Aim of the task :: Would you write out the entries again, exactly as they are, but without images?

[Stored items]
--

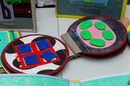 Handmade textile book for baby playing and development. Pages with funny geometric objects and flip balls. Baby development. Educational toys. Fine motor skills.
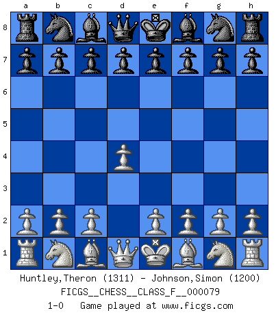 Last move : 1-0 2009 September 8 21:43:49 [Event "FICGS__CHESS__CLASS_F__000079"] [Site "FICGS"] [Date "2009.07.30"] [Round "1"] [White "Huntley,Theron"] [Black "Johnson,Simon"] [Result "1-0"] [WhiteElo "1311"] [BlackElo "1200"] 1.d4 1-0 This chess game has been lost on time (started : 2009.07.30 0:22:36) Queen's pawn Player White won this chess game. Follow this game move after move (download)The stomach is an essential part of the Chess master. (Bent Larsen) Wenn Du absolut nicht mehr weißt, was Du tun sollst, dann ist es Zeit für Panik. (John van der Wiel) ¿Porque tengo que perder ante este idiota?. (Aron Nimzovich) C'est une question de caractère, Beaucoup de gens perdent leur motivation très vite. D'autres, ils sont rares, peuvent la conserver très longtemps. J'aime les échecs, encore aujourd'hui je suis heureux d'analyser des parties. J'aime toujours gagner, je déteste encore perdre. Bien jouer est important pour mon intégrité intellectuelle et morale. Et puis les échecs vivent en ce moment une période historique grâce à Internet. Ils se développent dans les systèmes éducatifs à travers le monde. Ils sortent de leur ghetto, et c'est mon rôle de mener à bien cette révolution. (Gary Kasparov) Waiting for chance ? Play in casinos. (FICGS proverb)
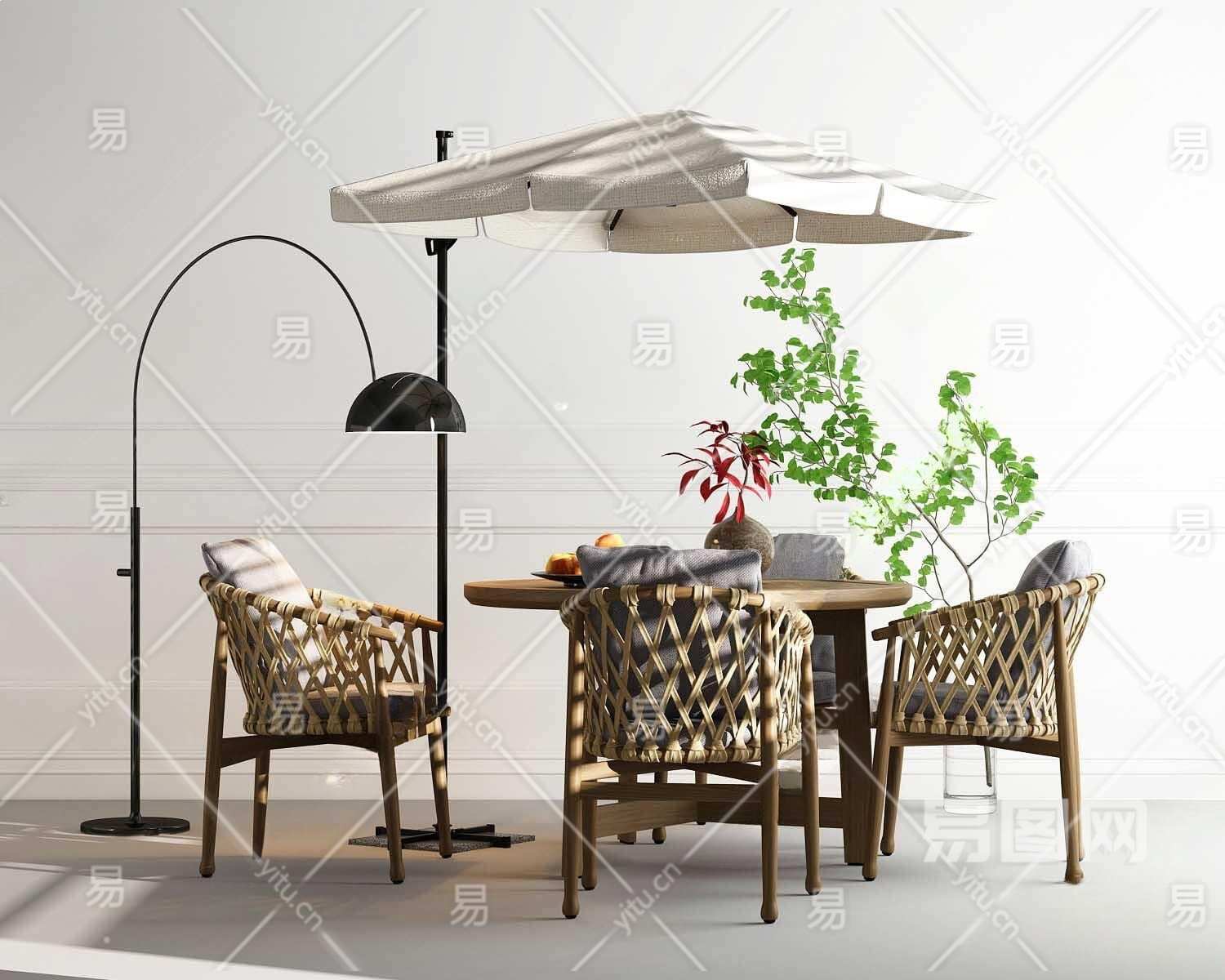 现代户外休闲桌椅组合3D模型下载
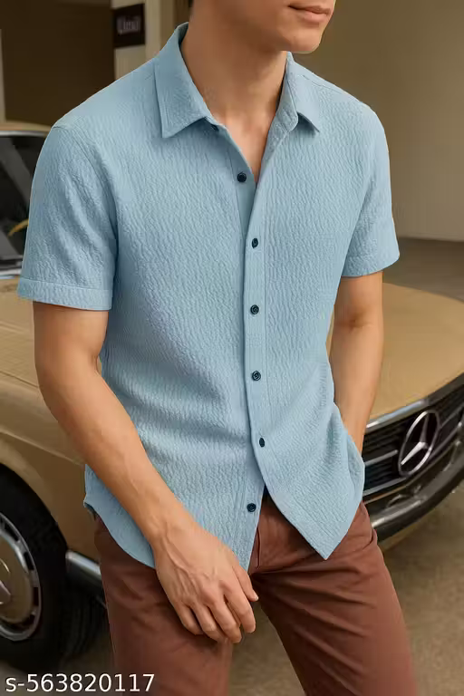 Name : Imported Stylish Self Designed Light Blue Popcorn Shirts For Boys And Mens|Casual Mens Wear||Unique Designed Shirt||Popcorn Printed Mens Shirt|
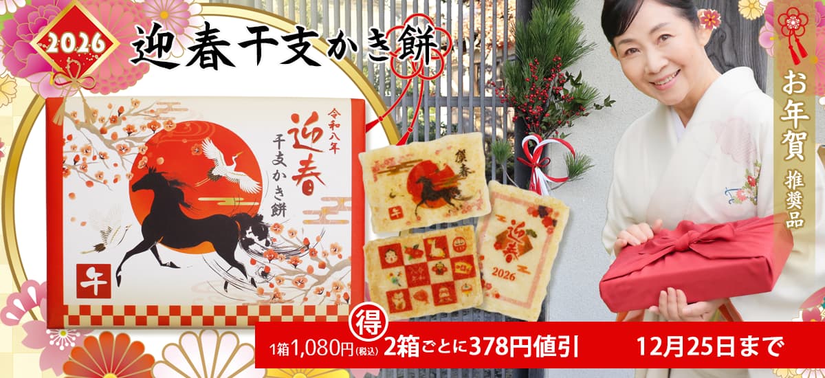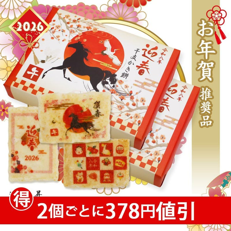 運気を運ぶ「迎春干支かき餅」に「2026年迎春絵柄」を入れた特別セットの縁起ものです。新年を祝う言葉に添えてのお年賀にどうぞご利用ください。おまとめ買い2個ごとに378円お値引き。
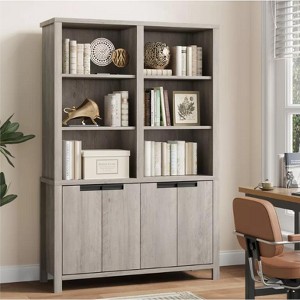 - 【Enough Storage Space】 Bookshelf with 2 cabinets for more discreet items and documents. 3 double wide open shelves with baffles for decorative items or items that need to be picked up in time. Not only does the bookcase with doors expand your storage space and keep your room tidy, but it also makes your life and work easier
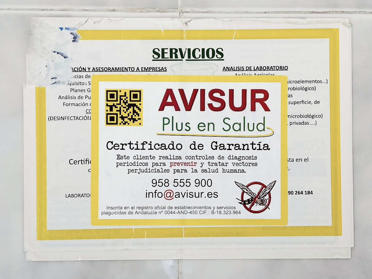 Fig 30. Certificado de pared de Atlantic Plagas, Tenerife./ C. Pradera 07-2021
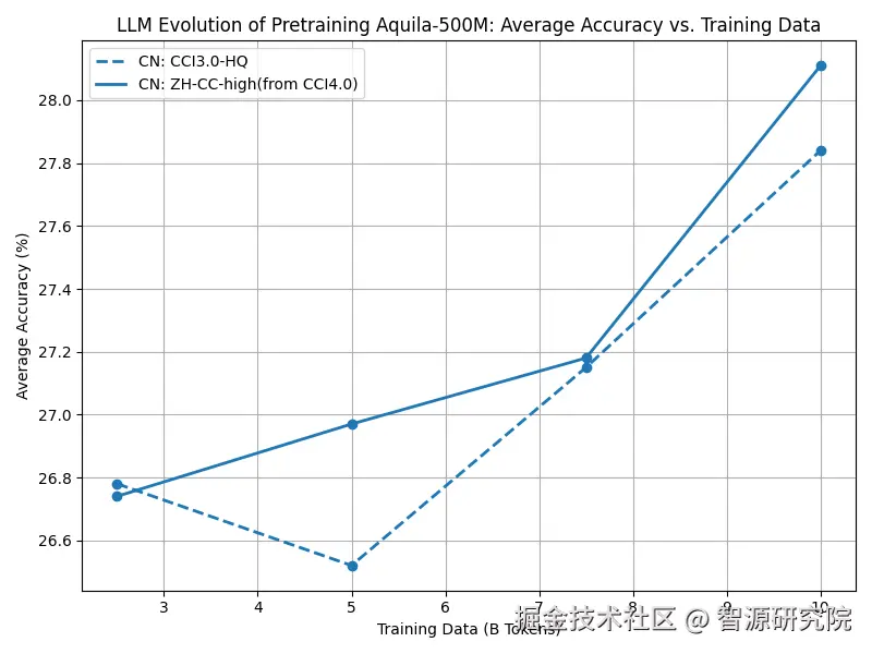 图2:CCI4.0-HQ中文数据集和CCI3.0-HQ数据集在训练500M模型效果上的对比
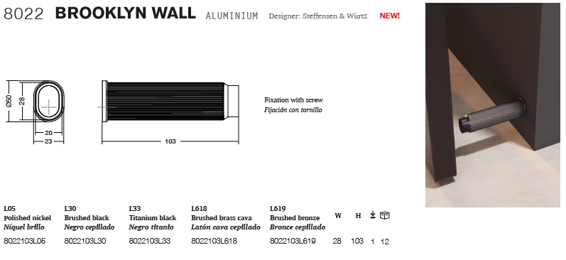 Brooklyn Wall 門擋巧妙融合了優雅與工業質感,垂直線條的設計更賦予其引人注目的視覺衝擊。這款門擋經久耐用且功能齊全,提供多種飾面選擇,能夠完美融入各種空間,並與整體設計風格和諧統一。黑色防撞橡膠圈可有效保護門擋免受各種環境下的碰撞。

--

Written reply ::
 Handmade textile book for baby playing and development. Pages with funny geometric objects and flip balls. Baby development. Educational toys. Fine motor skills.
 Last move : 1-0 2009 September 8 21:43:49 [Event "FICGS__CHESS__CLASS_F__000079"] [Site "FICGS"] [Date "2009.07.30"] [Round "1"] [White "Huntley,Theron"] [Black "Johnson,Simon"] [Result "1-0"] [WhiteElo "1311"] [BlackElo "1200"] 1.d4 1-0 This chess game has been lost on time (started : 2009.07.30 0:22:36) Queen's pawn Player White won this chess game. Follow this game move after move (download)The stomach is an essential part of the Chess master. (Bent Larsen) Wenn Du absolut nicht mehr weißt, was Du tun sollst, dann ist es Zeit für Panik. (John van der Wiel) ¿Porque tengo que perder ante este idiota?. (Aron Nimzovich) C'est une question de caractère, Beaucoup de gens perdent leur motivation très vite. D'autres, ils sont rares, peuvent la conserver très longtemps. J'aime les échecs, encore aujourd'hui je suis heureux d'analyser des parties. J'aime toujours gagner, je déteste encore perdre. Bien jouer est important pour mon intégrité intellectuelle et morale. Et puis les échecs vivent en ce moment une période historique grâce à Internet. Ils se développent dans les systèmes éducatifs à travers le monde. Ils sortent de leur ghetto, et c'est mon rôle de mener à bien cette révolution. (Gary Kasparov) Waiting for chance ? Play in casinos. (FICGS proverb)
 现代户外休闲桌椅组合3D模型下载
 Name : Imported Stylish Self Designed Light Blue Popcorn Shirts For Boys And Mens|Casual Mens Wear||Unique Designed Shirt||Popcorn Printed Mens Shirt|
 運気を運ぶ「迎春干支かき餅」に「2026年迎春絵柄」を入れた特別セットの縁起ものです。新年を祝う言葉に添えてのお年賀にどうぞご利用ください。おまとめ買い2個ごとに378円お値引き。
 - 【Enough Storage Space】 Bookshelf with 2 cabinets for more discreet items and documents. 3 double wide open shelves with baffles for decorative items or items that need to be picked up in time. Not only does the bookcase with doors expand your storage space and keep your room tidy, but it also makes your life and work easier
 Fig 30. Certificado de pared de Atlantic Plagas, Tenerife./ C. Pradera 07-2021
 图2:CCI4.0-HQ中文数据集和CCI3.0-HQ数据集在训练500M模型效果上的对比
 Brooklyn Wall 門擋巧妙融合了優雅與工業質感,垂直線條的設計更賦予其引人注目的視覺衝擊。這款門擋經久耐用且功能齊全,提供多種飾面選擇,能夠完美融入各種空間,並與整體設計風格和諧統一。黑色防撞橡膠圈可有效保護門擋免受各種環境下的碰撞。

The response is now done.